Song by Bob Dylan

from the album New Morning
- Released: October 19, 1970
- Recorded: June 5, 1970
- Studio: Columbia, New York City
- Genre: Roots rock
- Length: 3:10
- Label: Columbia
- Songwriter: Bob Dylan
- Producer: Bob Johnston

= The Man in Me =

"The Man in Me" is a song written by American singer-songwriter Bob Dylan and released as the tenth track on his 1970 album New Morning.

==Reception and legacy==

Rolling Stone placed the song 84th on a list of the "100 Greatest Bob Dylan Songs of All Time". An article accompanying the list noted that it possesses a "raggedly euphoric power" and that "Dylan has rarely sounded as joyful as he does during the 'la la la' intro" while "gospel-tinged backup vocals add to the lyrics’ sense of unguarded intimacy and deliverance in hard times".

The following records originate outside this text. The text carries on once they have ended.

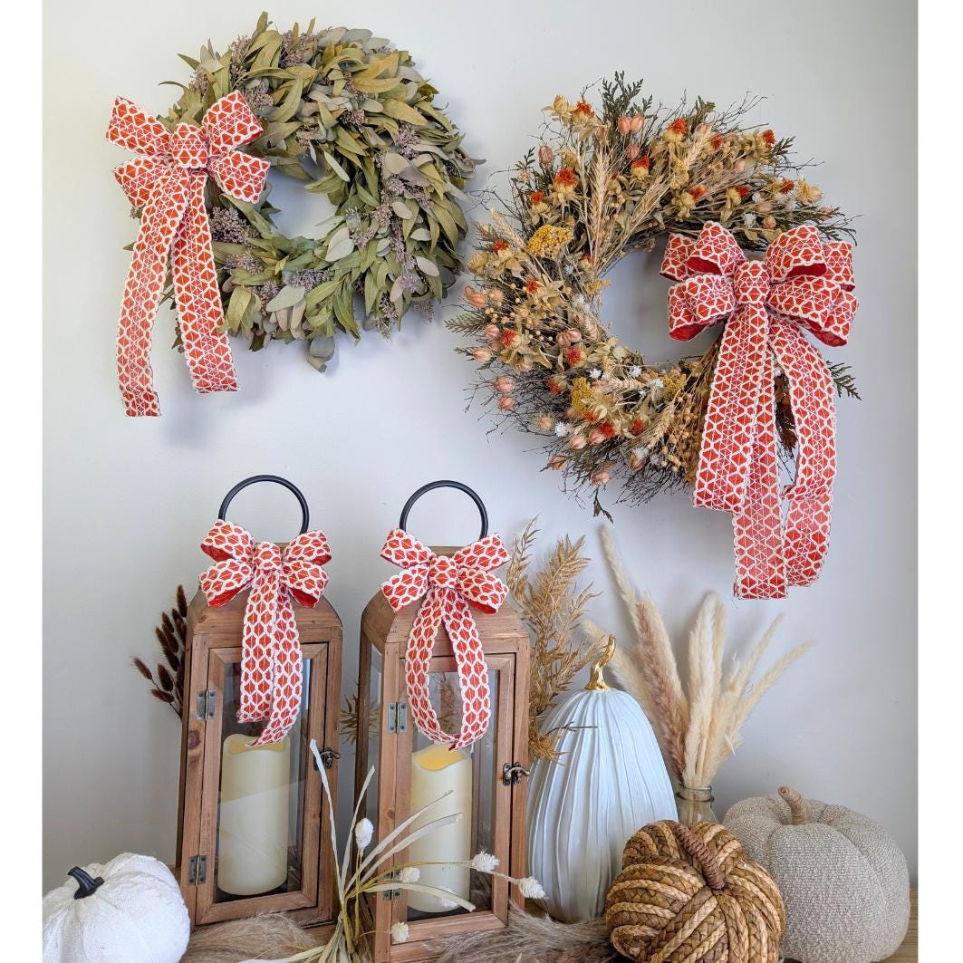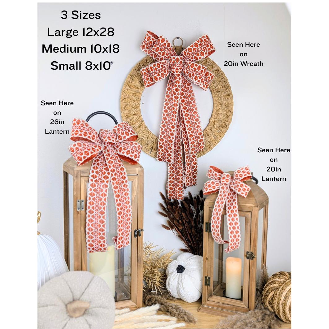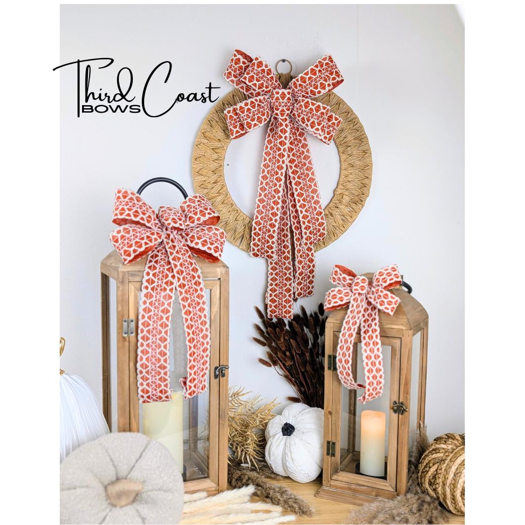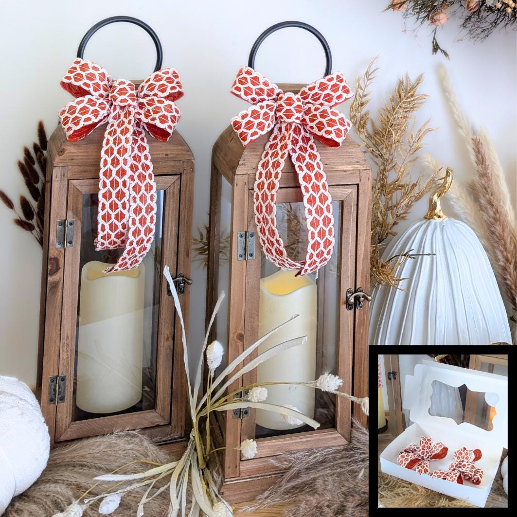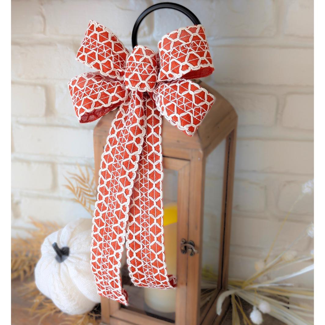 This stunning ribbon is more than just a print. It features a lovely linen texture in a Burnt Orange/Dark Orange Pumpkin base, complemented by a delicate white cotton lace-like overlay, creating a soft and elegant appearance. Your bow will arrive fluffed and ready for use. It includes a chenille stem for easy attachment to your gift or can be used as a bow for lanterns, wreaths, small tree toppers, mantles, garlands, or railings. Each bow is thoughtfully packaged in a storage box.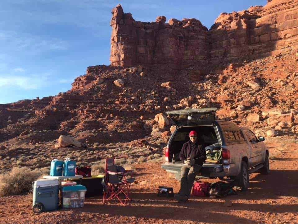- Continuing our homey theme, Joan and I met a person in Horseshoe Canyon who had a kitchen mat that fits just over the tailgate (get a large size or cut one down). Joan immediately wanted one for sitting on, leaning on when lounging out in the morning or the evening, and making an area to place things on. Combined with our scraps of foam pads that serve many different purposes (sit pad, changing pad for shoes, insulation on the side of the wheel well when sleeping, etc.), the liftgate makes a suitable place to sit. During more temperate weather, we use the camp chairs stored in the back of the truck. And the tailgate doubles as a table/cooking area. The “Live, Laugh, Love” mat ends up as delightfully cheesy, homey, and good advice for anyone. Joan provided the link if you want the specific version of this tchotchke for your tailgate (the 18″x55″ mat overlaps slightly).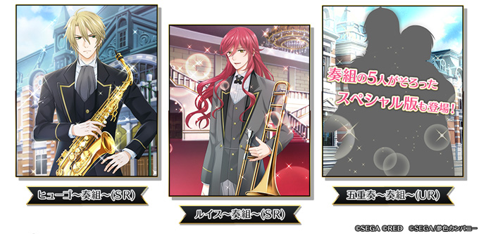 「夢キャス」タッチで描き下ろされたイラスト&録り下ろしボイスの豪華カードに、専用のキャストドラマもついています。「奏組」メンバー5人が揃った「五重奏〜奏組〜(UR)」では豪華声優5名のボイスが!?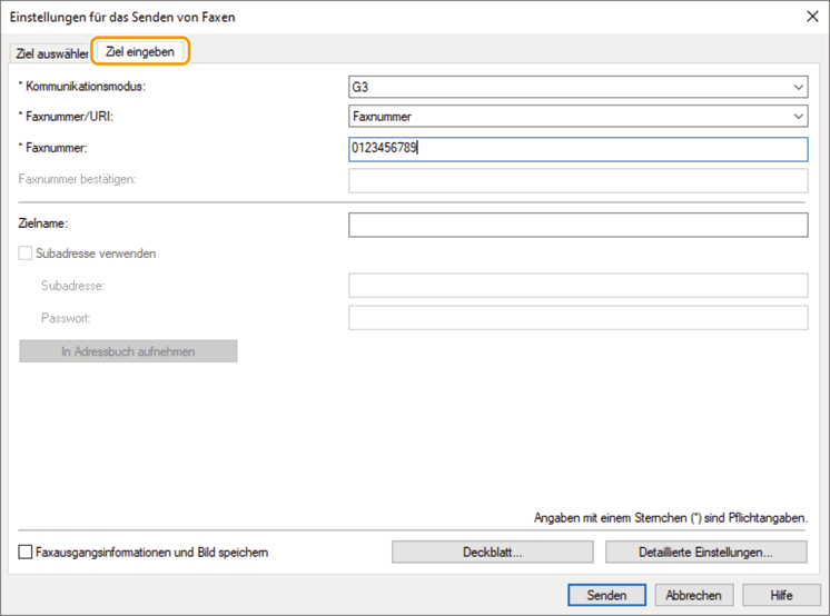 Zeigen Sie die Registerkarte [Ziel eingeben] an.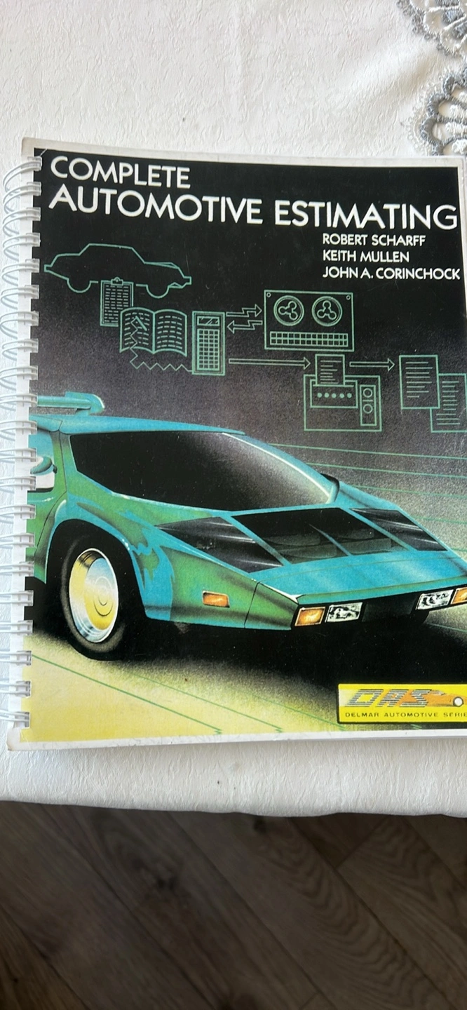 This book is titled Complete Automotive Estimating. It's authored by Robert Scharff, Keith Mullen, and John A. Corinchock. It's part of the Delmar Automotive Series. Listed for $159.59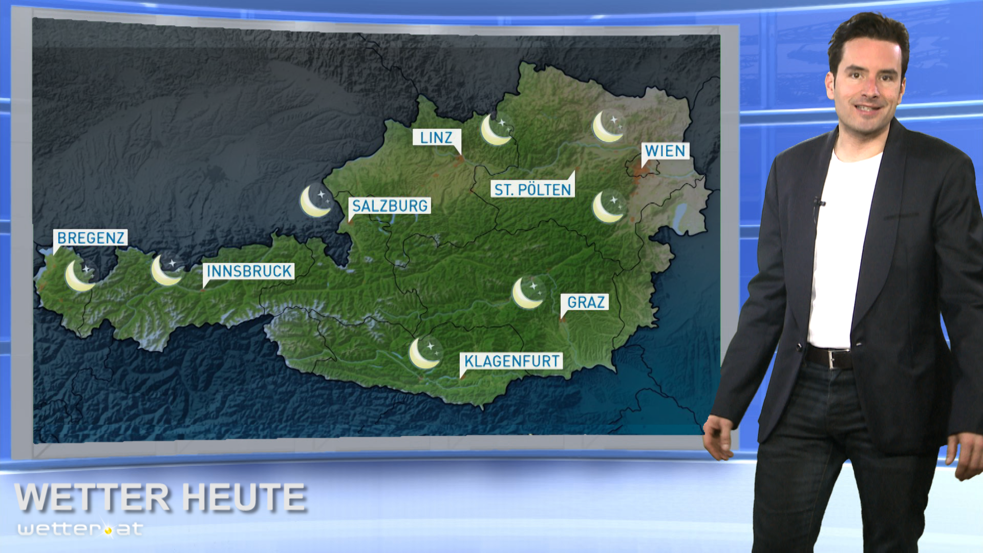 Über dem ganzen Land zeigt sich strahlend blauer, wolkenloser Himmel. Es weht schwacher, im Donautal gelegentlich auch mäßiger Wind, meist aus Ost bis Südost.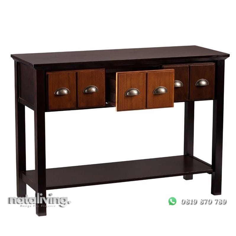 Meja konsul ini memiliki desain yang apik, anda bisa tambahkan kaca rias dan akan jadi meja rias, coock untuk di kamar ruang tamu atau dapur anda.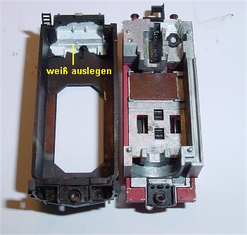 Die Lichtleiter werden herausgenommen und wie im Bild an der Tenderrückwand weiße Farbe aufgebracht. Zur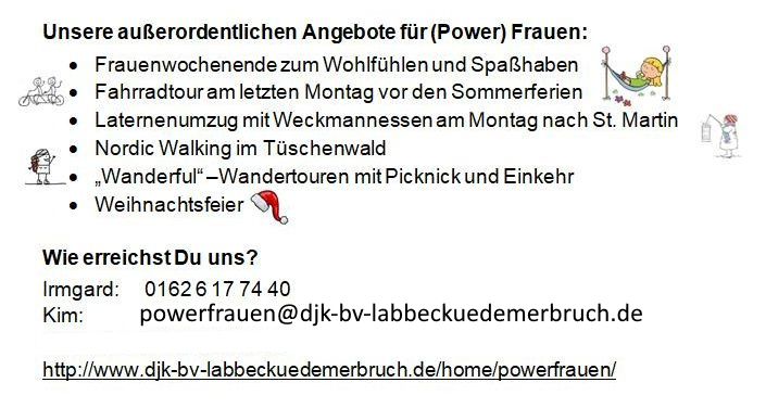 Wir sind sportinteressierte Labbeckerinnen, die sich regelmäßig zu den örtlichen Sportangeboten treffen. Weil wir uns selbst organisieren und mit viel Eigeninitiative dieses Sportangebot auf die Beine gestellt haben, nennen wir uns Powerfrauen. Wir sind der DJK BV Labbeck / Uedemerbruch angeschlossen.

Nation of Language's Ian Devaney cited it as his favorite Dylan song in a 2021 Stereogum article, writing, "The main reason this song sticks with me is the three-note descension on the line 'nearly any task' and how endlessly satisfying it is. In a song about finally allowing someone into the part of yourself that you keep from the world, these simple steps feel like an exhalation. The instruments spend most of the song playfully dancing and weaving but these three big notes feel like crashing into a chair and taking a moment to appreciate that you’re capable of being vulnerable and happy".

== In other media ==
The song is most notably featured in the soundtrack to the 1998 Coen Brothers film The Big Lebowski. It plays during the stylized opening title sequence and during the hallucination sequence after the Dude is punched and his rug stolen. More recently it has been performed live by the film's star, Jeff Bridges, at Lebowski Fest, an audience-participation oriented event commemorating the film.

The song was featured in The Simpsons episode "The Town" during a bowling montage (likely in reference to The Big Lebowski).

The song was featured in the soundtrack to the 2013 documentary The Smash Brothers, highlighting the career of Ken Hoang and paying homage to The Big Lebowski.

The song was also used in S04E17 of How I Met Your Mother.

The song was used in a lighthearted ad series from Rocket Mortgage by Quicken Loans.

The song is featured in the 2020 movie The Mauritanian.

The song appears in season 3, episode 3 of Sex Education when Eric, Adam, Otis and Ruby go bowling.

==Notable covers==
In 1971, the song was covered by Lonnie Mack on his album The Hills of Indiana. That same year, the Persuasions featured the song a capella on their album Street Corner Symphony, and regularly in their live performances. In 1975, it was covered by London reggae band Matumbi, with another reggae version recorded by Joe Cocker the following year. The song was also covered by the Clash during sessions for the album that was to become London Calling (1979). It is available on The Vanilla Tapes. More recently, it was covered by alternative rock group Say Anything; a demo version of the cover features Chris Conley (of Saves the Day) on vocals. The song was sampled heavily in the closing track of Blarf's 2019 album Cease & Desist, "The Me in Me." It has also been covered by Al Kooper, David Bazan (who regularly plays it live), Jenoah, Vandaveer, Buffalo Tom, and My Morning Jacket. The song was covered by Emma Swift on her 2020 album Blonde on the Tracks. It was covered on McKendree Spring's 1972 album Tracks.

==Live performances==
Dylan played the song 155 times in concert between 1978 and 2011. It is the most frequently performed live song from New Morning.